§ **Work request**
Write out each record in full and exactly as given. Skip any pictures.

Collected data
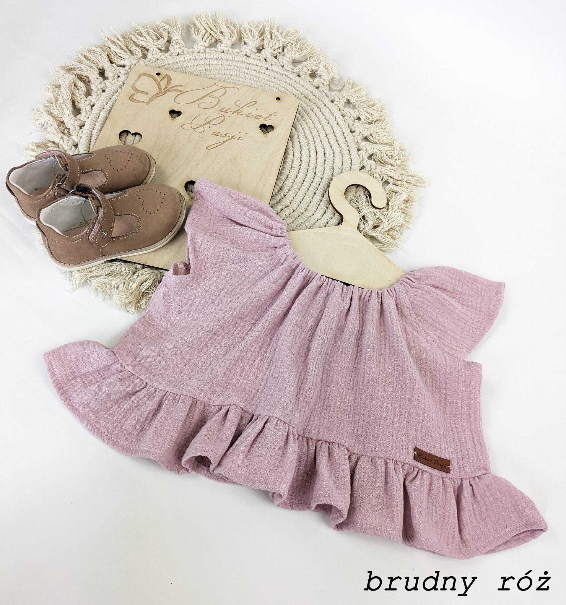 Bluzeczka z muślinu falbanki/rękawki brudny róż
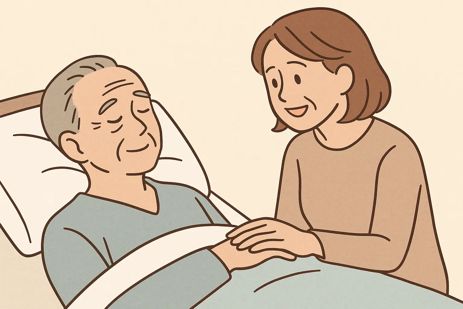 A. 無理に話さなくても構いません。そっと手を握る、穏やかな表情で寄り添うだけでも安心感を与えます。
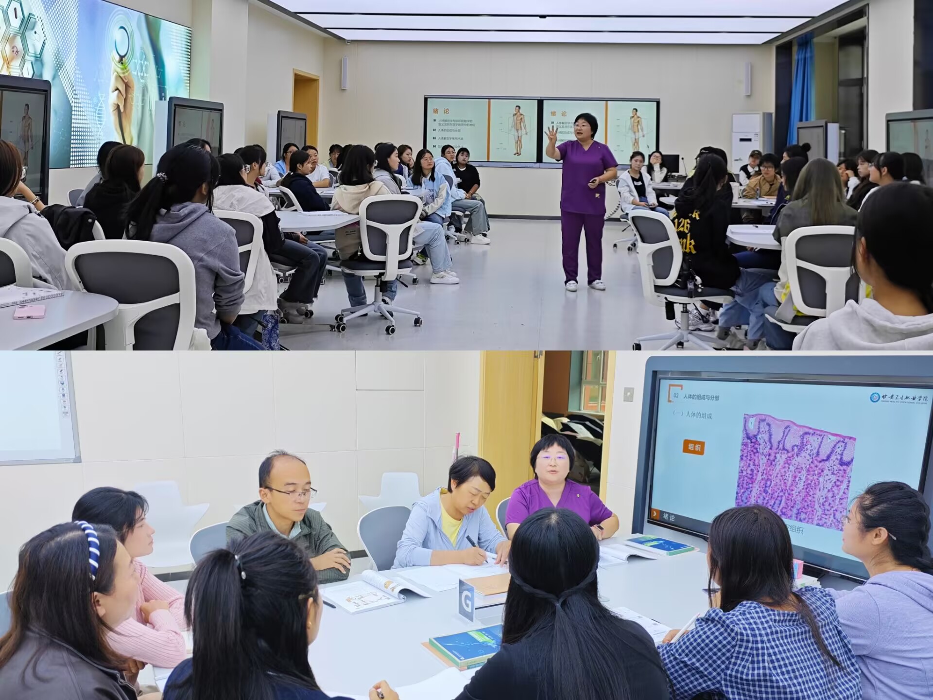 本次觀摩以助產(chǎn)專業(yè)《人體解剖學(xué)與組織胚胎學(xué)》“開學(xué)第一課”為示范,以“守護(hù)生命的通道,科學(xué)與人文的雙重旅程”為主題,由呂香茹副教授主講。課堂伊始,呂老師以“提起‘助產(chǎn)士’,你首先想到的是什么?”這一問題開篇,迅速拉近與學(xué)生的距離,隨后自然過渡到學(xué)科重要性的闡述,讓學(xué)生明白《人體解剖學(xué)與組織胚胎學(xué)》是鑄就助產(chǎn)專業(yè)硬核技術(shù)的基石。授課過程中,既從“科學(xué)精準(zhǔn)性”解析“生命通道”結(jié)構(gòu),強(qiáng)調(diào)專業(yè)嚴(yán)謹(jǐn)性;又結(jié)合胚胎發(fā)育知識傳遞“人文關(guān)懷”,強(qiáng)化學(xué)生職業(yè)擔(dān)當(dāng)。同時緊扣甘肅基層醫(yī)療實際,升華工匠精神與人文情懷,實現(xiàn)知識傳授與價值引領(lǐng)同頻。
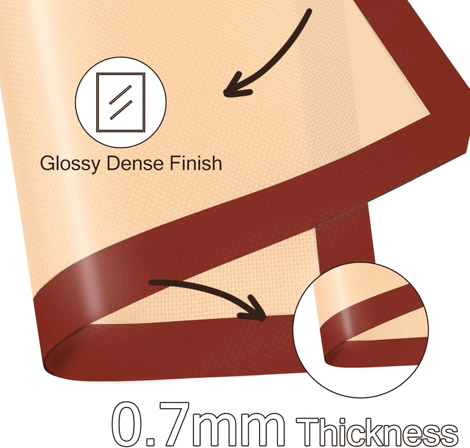 - [ NONSTICK SURFACE ] There is no need to grease the silicone baking sheet when using it, and even the dough is less likely to stick to the silicone baking sheets for oven. Each baking mat is 0.03 inches thick, double thickness for durability.
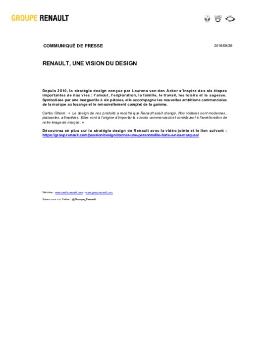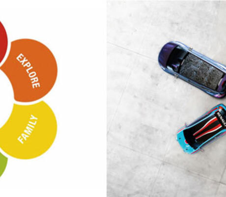 Depuis 2010, la stratégie design conçue par Laurens van den Acker s’inspire des six étapes importantes de nos vies : l’amour, l’exploration, la famille, le travail, les loisirs et la sagesse. Symbolisée par une marguerite à six pétales, elle accompagne les nouvelles ambitions commerciales de la marque au losange et le renouvellement complet de la gamme.
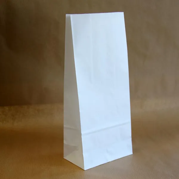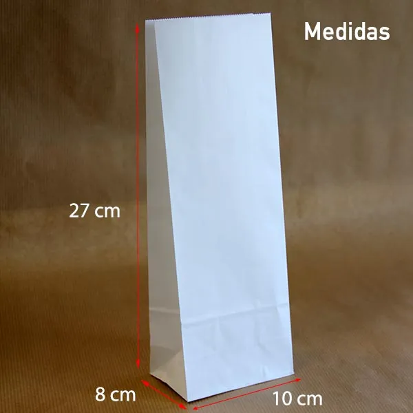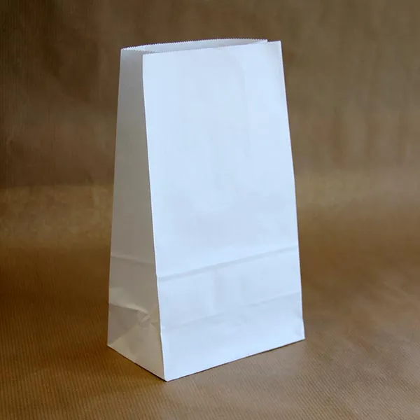 Bolsa en papel celulosa blanco de gran calidad sin asa y base cuadrada. Especialmente recomendada para el sector alimentario. Disponible en 9 tamaños:
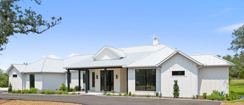 Hill Country contemporary with understated elegance built for entertaining, comfort and privacy. Brand new construction on 5.17 acres within the prestigious 464 Ranch subdivision. Upon entry your eye will be drawn to the vast windows & doors showcasing tranquil views of nature throughout the space. The kitchen features all Thermador appliances, ice maker, wine/beverage refrigerator, custom cabinetry, large chef's pantry & wet bar. The living room features 14' tall ceilings and wood/gas burning fireplace. The primary suite features a spa-like bathroom with dual vanities, shower enclosure and soaking tub that overlooks the countryside right outside the large picture window. The primary closet commands bragging rights with its opulent size and custom cabinetry. Other features include 3 guest bedrooms, 2.5 guest bathrooms, massive laundry room, mud room, office/playroom and 3-car garage. Spacious front & back porch, white oak hardwood floors, luxury European tile, quartzite & quartz counters, Quaker exterior doors & windows, all solid core interior doors, and 10'-11' ceilings in all non-living areas. With its beautiful gated entry, 464 Ranch is a large lot ranchette subdivision that is intended to feel like living on a large trophy ranch. Located 3 mi. north of downtown Johnson City and 1-hour from Austin & San Antonio, the project is high fenced, includes exotic wildlife, and an in-place wildlife tax exemption. Community improvements include buried utilities, high speed fiber internet, asphalt roads, 7-acre community park, and 2-mile hike & bike trail.
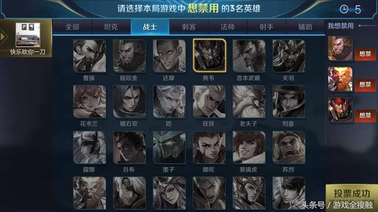 第一点:ban人、选英雄。这个初始阶段ban人和选英雄上,也是我们能否吃鸡的关键一环,因为我们单排的话其目的很明显,那就是站在最后,能能达到这个要求的英雄,无疑是那些单挑英雄以及后期英雄,像是一刀用的老夫子,或者是凯、猴子、典韦、程咬金,而法师则是选能秒人的最好,比如妲己、诸葛亮、张良等等,所以在这个初始阶段,就要选择我们不玩的英雄ban掉,以及进行选择,打好开局的基础。

§ **Answer for the task**
 Bluzeczka z muślinu falbanki/rękawki brudny róż
 A. 無理に話さなくても構いません。そっと手を握る、穏やかな表情で寄り添うだけでも安心感を与えます。
 本次觀摩以助產(chǎn)專業(yè)《人體解剖學(xué)與組織胚胎學(xué)》“開學(xué)第一課”為示范,以“守護(hù)生命的通道,科學(xué)與人文的雙重旅程”為主題,由呂香茹副教授主講。課堂伊始,呂老師以“提起‘助產(chǎn)士’,你首先想到的是什么?”這一問題開篇,迅速拉近與學(xué)生的距離,隨后自然過渡到學(xué)科重要性的闡述,讓學(xué)生明白《人體解剖學(xué)與組織胚胎學(xué)》是鑄就助產(chǎn)專業(yè)硬核技術(shù)的基石。授課過程中,既從“科學(xué)精準(zhǔn)性”解析“生命通道”結(jié)構(gòu),強(qiáng)調(diào)專業(yè)嚴(yán)謹(jǐn)性;又結(jié)合胚胎發(fā)育知識傳遞“人文關(guān)懷”,強(qiáng)化學(xué)生職業(yè)擔(dān)當(dāng)。同時緊扣甘肅基層醫(yī)療實際,升華工匠精神與人文情懷,實現(xiàn)知識傳授與價值引領(lǐng)同頻。
 - [ NONSTICK SURFACE ] There is no need to grease the silicone baking sheet when using it, and even the dough is less likely to stick to the silicone baking sheets for oven. Each baking mat is 0.03 inches thick, double thickness for durability.
 Depuis 2010, la stratégie design conçue par Laurens van den Acker s’inspire des six étapes importantes de nos vies : l’amour, l’exploration, la famille, le travail, les loisirs et la sagesse. Symbolisée par une marguerite à six pétales, elle accompagne les nouvelles ambitions commerciales de la marque au losange et le renouvellement complet de la gamme.
 Bolsa en papel celulosa blanco de gran calidad sin asa y base cuadrada. Especialmente recomendada para el sector alimentario. Disponible en 9 tamaños:
 Hill Country contemporary with understated elegance built for entertaining, comfort and privacy. Brand new construction on 5.17 acres within the prestigious 464 Ranch subdivision. Upon entry your eye will be drawn to the vast windows & doors showcasing tranquil views of nature throughout the space. The kitchen features all Thermador appliances, ice maker, wine/beverage refrigerator, custom cabinetry, large chef's pantry & wet bar. The living room features 14' tall ceilings and wood/gas burning fireplace. The primary suite features a spa-like bathroom with dual vanities, shower enclosure and soaking tub that overlooks the countryside right outside the large picture window. The primary closet commands bragging rights with its opulent size and custom cabinetry. Other features include 3 guest bedrooms, 2.5 guest bathrooms, massive laundry room, mud room, office/playroom and 3-car garage. Spacious front & back porch, white oak hardwood floors, luxury European tile, quartzite & quartz counters, Quaker exterior doors & windows, all solid core interior doors, and 10'-11' ceilings in all non-living areas. With its beautiful gated entry, 464 Ranch is a large lot ranchette subdivision that is intended to feel like living on a large trophy ranch. Located 3 mi. north of downtown Johnson City and 1-hour from Austin & San Antonio, the project is high fenced, includes exotic wildlife, and an in-place wildlife tax exemption. Community improvements include buried utilities, high speed fiber internet, asphalt roads, 7-acre community park, and 2-mile hike & bike trail.
 第一点:ban人、选英雄。这个初始阶段ban人和选英雄上,也是我们能否吃鸡的关键一环,因为我们单排的话其目的很明显,那就是站在最后,能能达到这个要求的英雄,无疑是那些单挑英雄以及后期英雄,像是一刀用的老夫子,或者是凯、猴子、典韦、程咬金,而法师则是选能秒人的最好,比如妲己、诸葛亮、张良等等,所以在这个初始阶段,就要选择我们不玩的英雄ban掉,以及进行选择,打好开局的基础。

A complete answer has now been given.